At least a million mourners turned up for the funeral of Nigerian musician, and voice of the downtrodden, Fela Kuti, his manager Rikki Stein remembers. “The road was filled with people as far as the eye could see,” he says looking back to that August day in Lagos in 1997. The King of Afrobeat, who was revered by the people but feared by those in charge, had died at 58, reportedly of complications from Aids.

But Stein believes that Fela, who had been repeatedly arrested for speaking out against successive military regimes, actually passed away because of a much deeper cause. “Fela died of one beating too many. His body was covered in scars and his mind and spirit had to cope with 200 arrests.

The system can only take so much,” Stein tells the BBC in an interview to mark the publication of his memoir – in part about his 15 years managing arguably Nigeria’s most influential musician.
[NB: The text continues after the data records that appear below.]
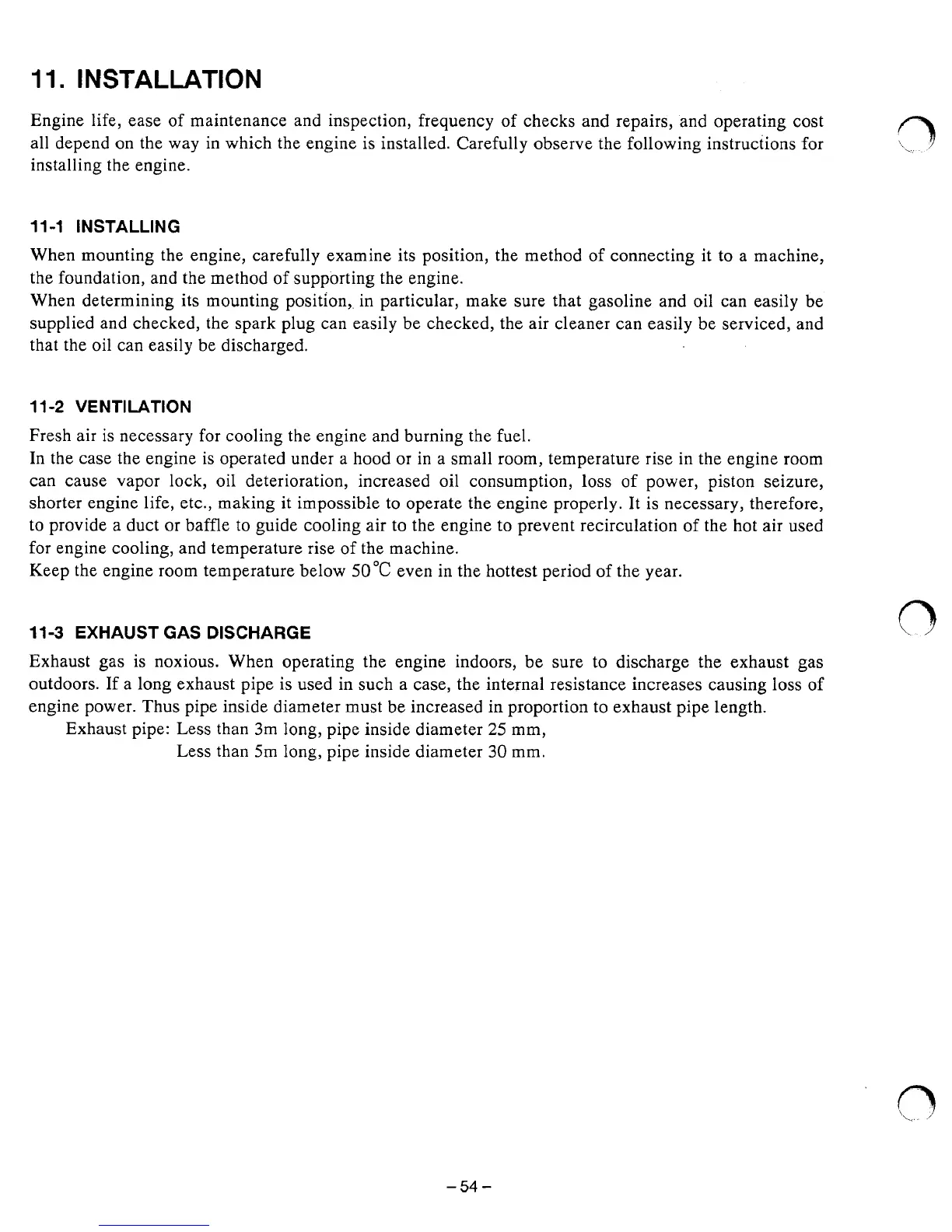 Exhaust gas is noxious. When operating the engine indoors, be sure to discharge the exhaust gas
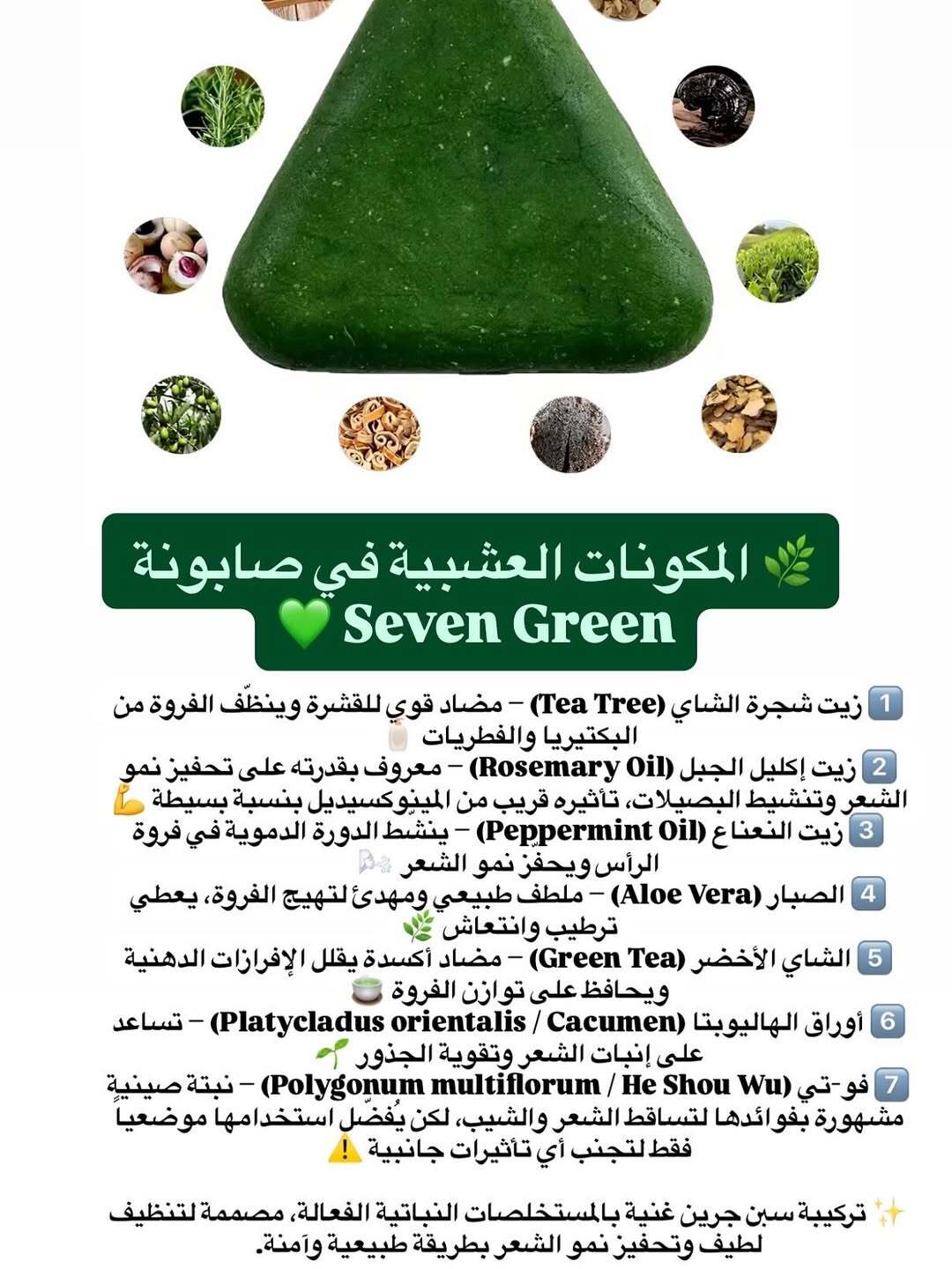 🌿 الصابون الأخضر Nature Seven – مقوّي ومُنعش للشعر
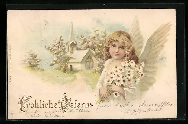 AK Osterengel mit Margeritenstrauss
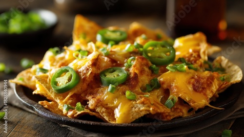 A plate of nachos is loaded with melted cheese spicy jalapenos and fresh green onions capturing a cozy atmosphere perfect for sharing or solo enjoyment.
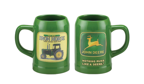 High grade stoneware mug with an individually hand formed handle and rich green glaze throughout. The 1968 Deere Company trademark with the phrase NOTHING RUNS LIKE A DEERE decorates one side of the mug. On the other side is a Model 4640 Tractor produced from 1978-1982. These new tractors were made with more horsepower, more iron, and internal structural changes to back up the power increases, thus becoming one of the Iron Horses as depicted on the mug. Official Licensed Product.

Throughout his long career Fela defiantly criticised those in charge, notably a succession of military rulers, lampooning them in albums such as Coffin for Head of State. His music had the power to grab people from the inside and help them start to imagine another world.

“I was gob-smacked,” Stein, now 81, says as he talks about first coming across Fela’s albums in the 1970s. “The music spoke to me in a way I’d never encountered, exuding warmth, intimacy, excitement and a constant feeling of anticipation. Every word spoke directly to my inner being, vividly describing life unde.